I am a beginner in algebraic geometry. I encountered such a question in the book which I read.
Suppose that $X$ is an affine variety and $U$ is an open subset of $X$ (so that $U$ is a quasi-affine variety). Suppose that $p\in U.$ Show that $\mathcal O_{U,p} =\mathcal O_{X,p}$.
$\mathcal O_{X.p}=\bigcup_{p\in U}\mathcal O_{X}(U)$, $\mathcal O_X(U)$ is the regular function on $U$. Similarly, $\mathcal O_{U.p}=\bigcup_{p\in V}\mathcal O_{U}(V)=\bigcup_{p\in V}\mathcal O_{X}(V)$, where the union in $k(U)$ is over all open sets $V$ in $U$ containing $p$.
Since $V$ is a open subset of $U$, $V$ itself is again a quasi-affine variety, and $U$ and $V$ have the same function field $k(X)$.

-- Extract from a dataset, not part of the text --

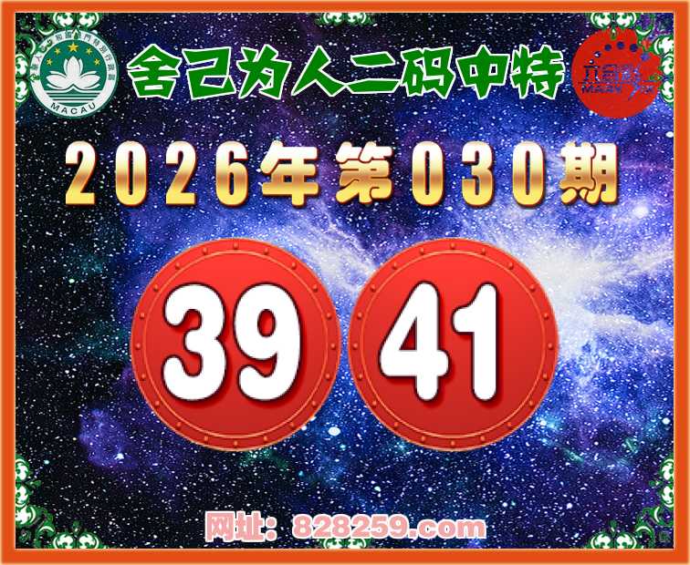 030期:【舍己为人】二码中特⚽【39.41】开:41

How do I get those two are equal?
I'll expand on reun's comment a little. Your definitions of local rings seem incorrect. One way to define them is $\mathcal{O}_{X,p} := \{(U, f): f \in \mathcal{O}_X(U)\}/\sim$ where the equivalence relation is defined as $(U,f) \sim (V, g)$ iff there is an open subset $W \subseteq U \cap V$ such that $f|_{W} = g|_{W}$. In this setting the desired statement is very easy. Consider the map $\mathcal{O}_{X,p} \rightarrow \mathcal{O}_{U,p}$ that sends the equivalence class of $(V, f)$ to the equivalence class of $(V \cap U, f|_{V \cap U})$. It is straightforward to see that this is well defined and injective. Surjectivity is easy as well since any equivalence class $(W, f) \in \mathcal{O}_{U,p}$ is mapped to by the equivalence class $(W, f) \in \mathcal{O}_{X,p}$ as if $W \subseteq U$ is open then certainly $W \subseteq X$ is open.